Get the FREE Ultimate OpenClaw Setup Guide →

technical-pm

Scanned
npx machina-cli add skill aroyburman-codes/pm-skills/technical-pm --openclaw
Files (1)
SKILL.md
8.0 KB

Technical PM Skill

Apply a structured framework to technical PM questions targeting AI product roles.

When to Use

  • User asks about RLHF, fine-tuning, evals, inference, model architecture
  • User asks "Design a system that uses LLMs to X"
  • User asks "How would you build a RAG system for X"
  • User asks about technical trade-offs in AI/ML systems
  • User asks about API design for AI products
  • User says /technical-pm followed by a question
  • Any question requiring ML/AI technical depth from a PM perspective

Context

  • Tuned for: AI product roles at frontier AI companies
  • What matters: Going deep with researchers and engineers. You don't need to implement, but you need to understand the technical landscape well enough to make informed product decisions.
  • Common pitfall: Hand-waving on technical details.

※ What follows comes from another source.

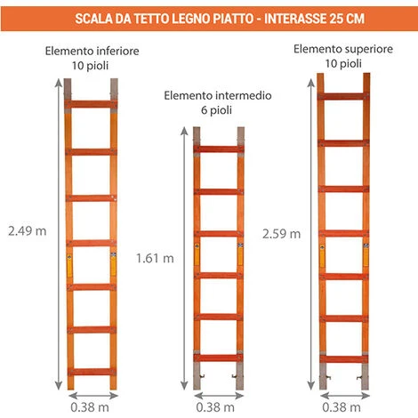 – La scala è composta da 3 elementi che possono essere assemblati facilmente e rapidamente per una lunghezza totale di 6.48m.
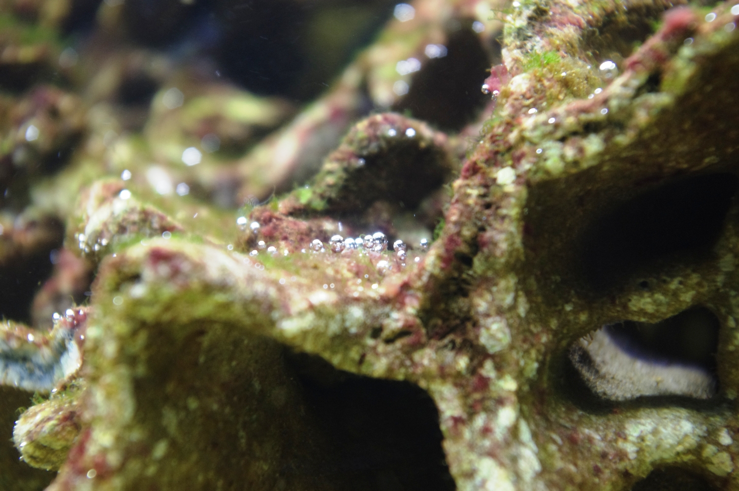 Wichtig ist aber, dass Du den Korallenbesatz weiter fortsetzt. Es geht hier auch konkret darum, die Gestaltung mit Korallen zu besiedeln und nicht die Korallen auf den Sand zu stellen. Die Dekoration braucht eine Raumkonkurrenz, d.h. Korallen, die auf der Deko wachsen und dadurch auch das Auftreten von Algen und Cyanos verhindern. Das sollte man aber auch recht zügig machen.

Be specific about architectures, trade-offs, and constraints.

Framework: AI PM Technical Method (6 Sections)

Section 1: Technical Clarifications & Constraints

Before designing anything, scope the technical problem:

  • Capability Assumptions: What model capabilities are available? (reasoning, multimodal, tool use, code gen)
  • Scale: How many users/queries? What latency requirements?
  • Infrastructure: Cloud vs. on-prem? What compute budget?
  • Data: What training/eval data exists? Privacy constraints?
  • Integration: What systems does this need to plug into?
  • Timeline: MVP vs. production-grade?

Section 2: Users (Developer & End-User Personas)

For technical products, think about two user layers:

  • Developers/Engineers: Who builds on this? What's their skill level? What do they expect?
  • End Users: Who consumes the output? What quality bar do they need?

For each persona: current workflow, technical sophistication, key frustrations.

Section 3: High-Level System Design

Draw the system architecture (describe it clearly):

  • Data Pipeline: How does data flow in? (user input → preprocessing → model → postprocessing → output)
  • Model Layer: Which model(s)? Foundation model + fine-tuned? Routing? Ensemble?
  • Orchestration: How are multi-step workflows managed? (agents, chains, state machines)
  • Storage: What needs to be persisted? (conversation history, embeddings, user preferences, model artifacts)
  • Serving: How is inference served? (batch vs. real-time, edge vs. cloud)

For RAG systems specifically:

  • Document ingestion pipeline (chunking strategy, embedding model, vector DB)
  • Retrieval (similarity search, reranking, hybrid search)
  • Generation (context window management, prompt engineering, citation)
  • Evaluation (relevance, faithfulness, answer quality)

For Agent systems specifically:

  • Tool/function calling architecture
  • Planning and reasoning loop
  • Memory (short-term working memory vs. long-term)
  • Safety/sandboxing (what can the agent actually do?)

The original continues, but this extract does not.